> _Prompt_
From the line that contains "Die orangefarbene Oxford" down to the last line of the listing below, reproduce each line exactly but not the pictures.

> _Exercise input_

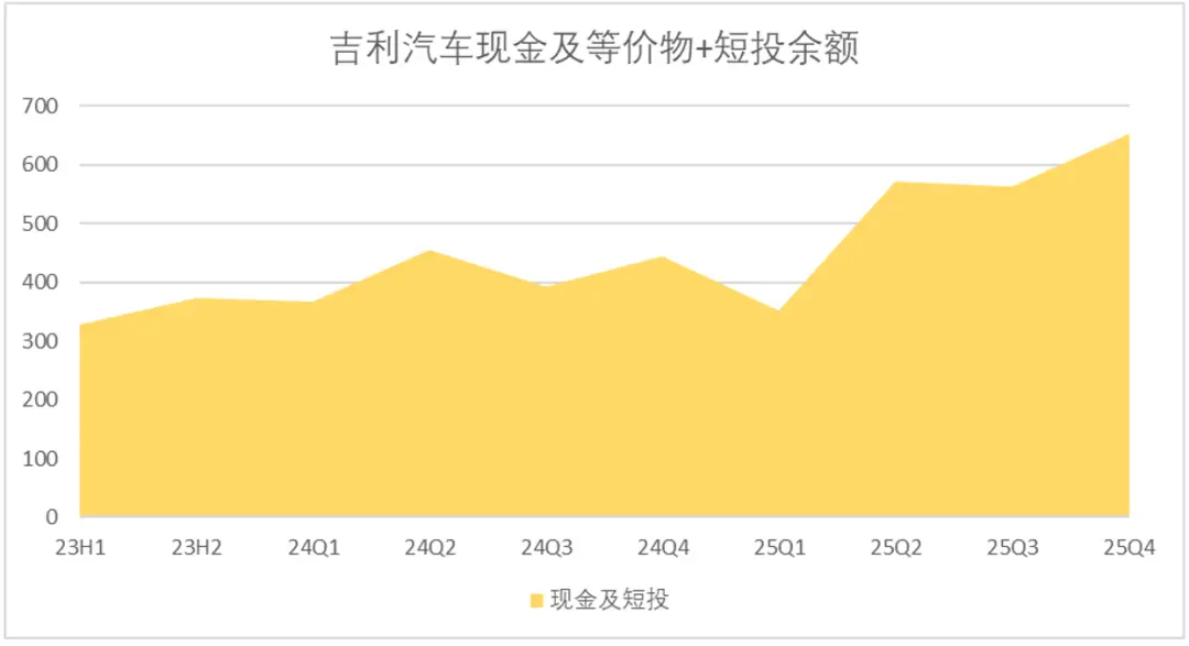 并且对于吉利而言,资本端的压力并不大,截至2025年末,吉利汽车整体的现金等价物+短投累计余额653亿,现金流相对充沛。
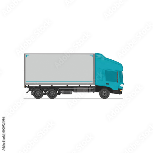 Fototapeta premium 3D Isometric Cargo Truck Half Tone Vector Illustration Modern CyanCabine and White Van Intercity Delivery Vehicle 6x4Design for Logistics Transport Presentation Social Media Video Promo Right
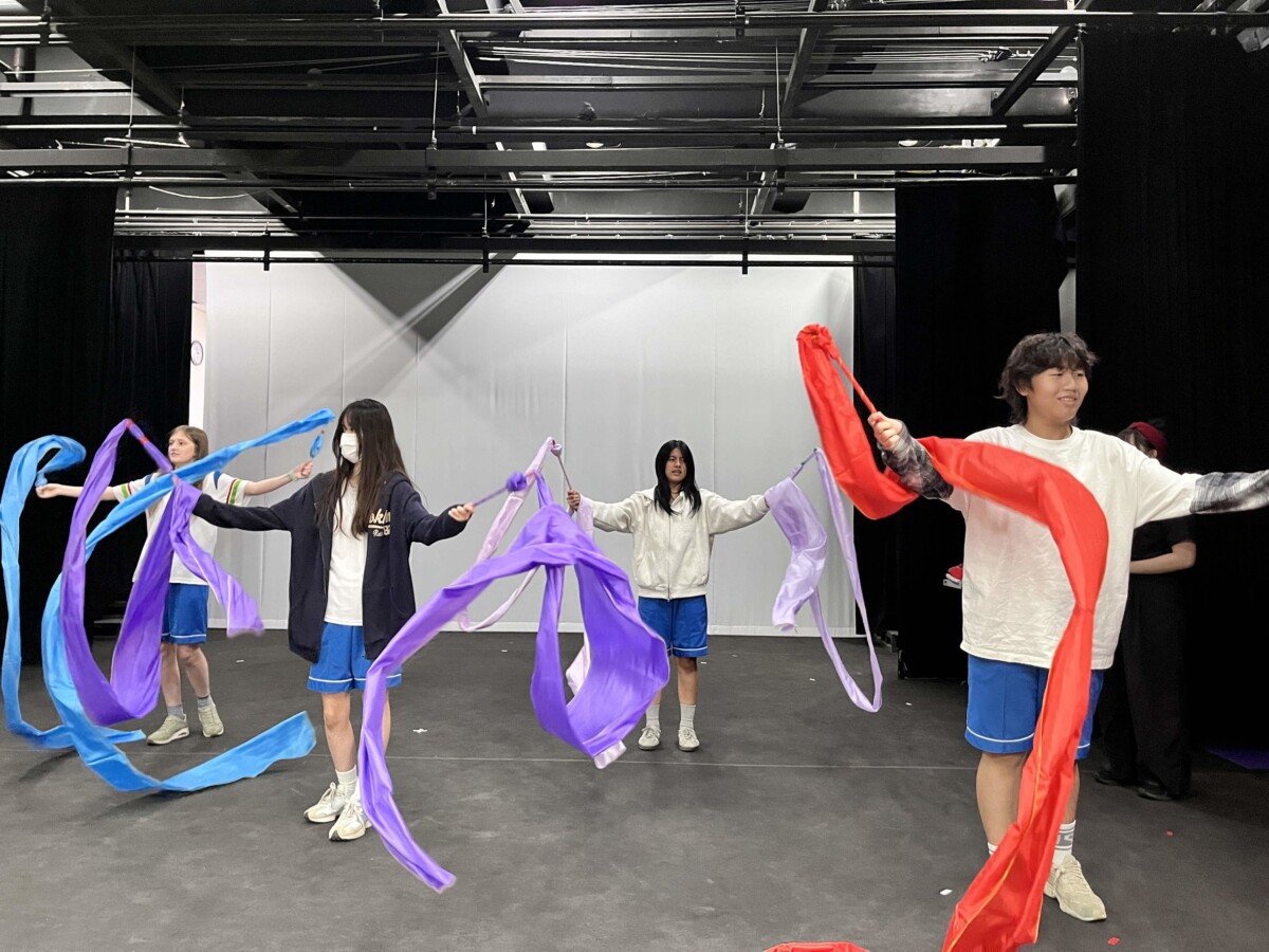 ▲學員練習水袖甩、收、控的基本動作,透過手腕發力、袖幅軌跡與控制,體會戲曲在力道、節奏與身段協調上所需要的動作要求與技巧。
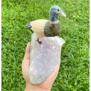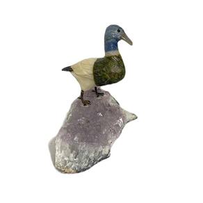 Amostra de Ave esculpida artesanalmente em pedra semipreciosa natural (minerais variados).
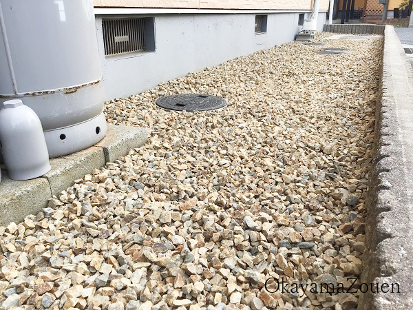 まず、お住まいの顔となる建物正面のスペースは、雑草の除去と防草シートの敷設を徹底し、その上に化粧砂利を敷き詰めました。以前は大きく育っていたイチジクの木も抜根し、足元をすっきりとさせることで、非常にクリーンで管理しやすい空間へと生まれ変わりました。見た目にも明るく、洗練された印象を与えます。
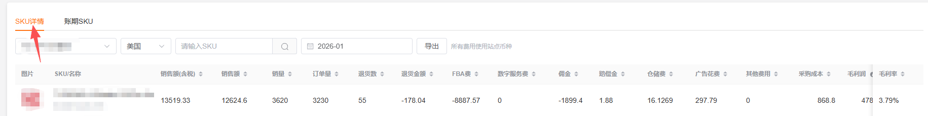 用于查看和分析各SKU在指定账期内的财务数据报表
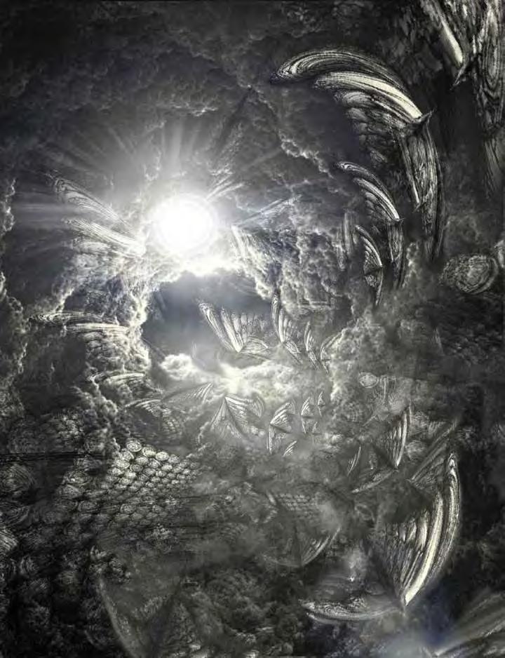Page 69 : Au commencement, 2020, mezzotinte, 40 Ă 50 cm. MĂ©taphore des Ă©lĂ©ments architectes, basĂ©e sur áŒÏÏÎŹÎłÎłÎ”Î»ÎżÏ / arkhĂĄngelos, qui veut dire « commencement », Descensus in limbus, 2021, mezzotinte, 40 Ă 50 cm. Descente du Christ dans les limbes des patriarches, dans lâHadĂšs
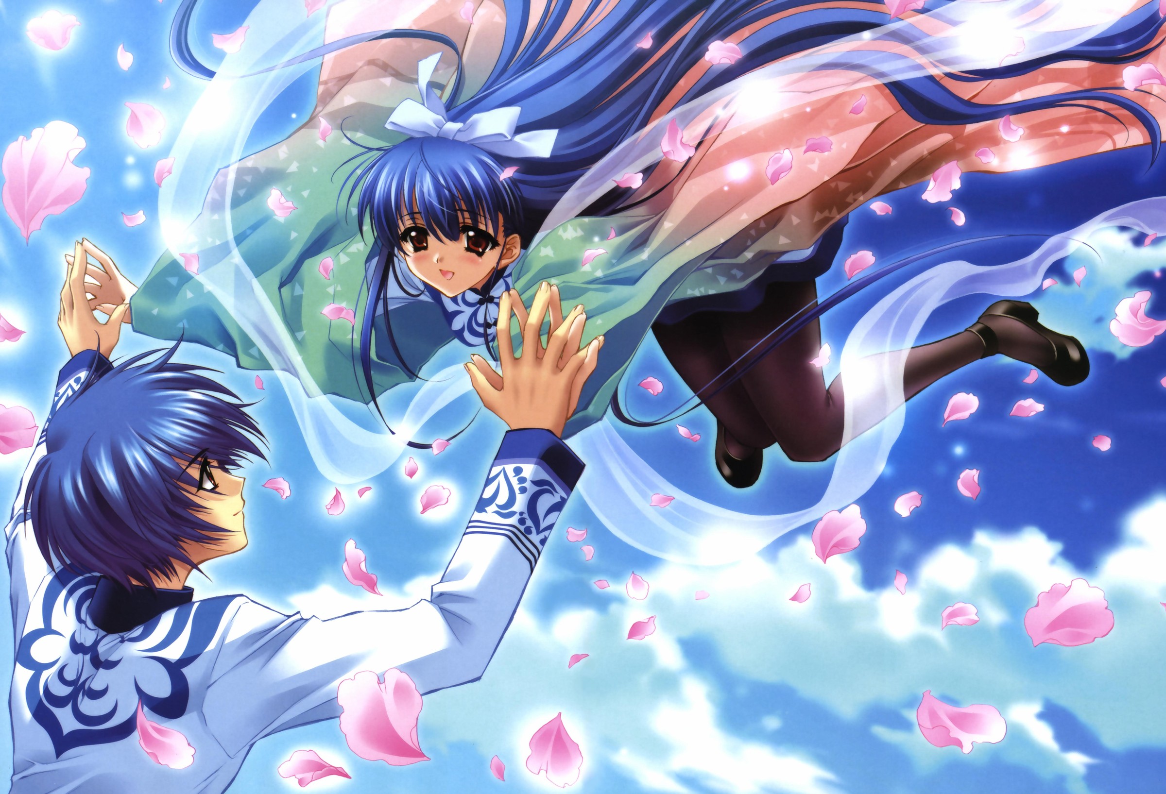 Description: A couple of anime characters flying through the air with petals in the air behind them and a blue sky with pink flowers.
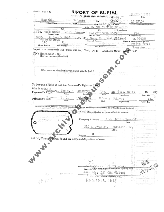 | Cunningham | Jessie J | Tec 5 | 32nd Armor | † 26.02.1945 | 35869493 | Armor |
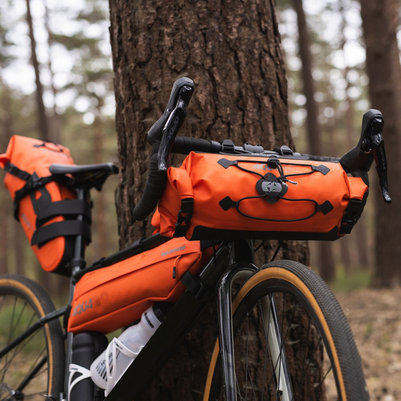 Die orangefarbene Oxford Aqua Evo Adventure Lenkertasche wurde mit einer Vielzahl von Funktionen für das Bikepacking entwickelt. Die wichtigste Eigenschaft der Aqua Evo ist ihre Fähigkeit, den widrigsten Wetter- und Umweltbedingungen auf langen Wochenendausflügen oder mehrtägigen Abenteuern standzuhalten.
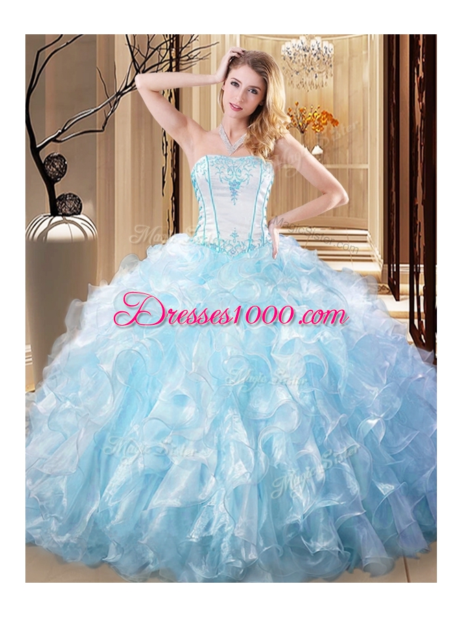 Graceful Light Blue Ball Gowns Strapless Sleeveless Organza Floor Length Lace Up Embroidery and Ruffles Sweet 16 Dress

> _Exercise output_
 Die orangefarbene Oxford Aqua Evo Adventure Lenkertasche wurde mit einer Vielzahl von Funktionen für das Bikepacking entwickelt. Die wichtigste Eigenschaft der Aqua Evo ist ihre Fähigkeit, den widrigsten Wetter- und Umweltbedingungen auf langen Wochenendausflügen oder mehrtägigen Abenteuern standzuhalten.
 Graceful Light Blue Ball Gowns Strapless Sleeveless Organza Floor Length Lace Up Embroidery and Ruffles Sweet 16 Dress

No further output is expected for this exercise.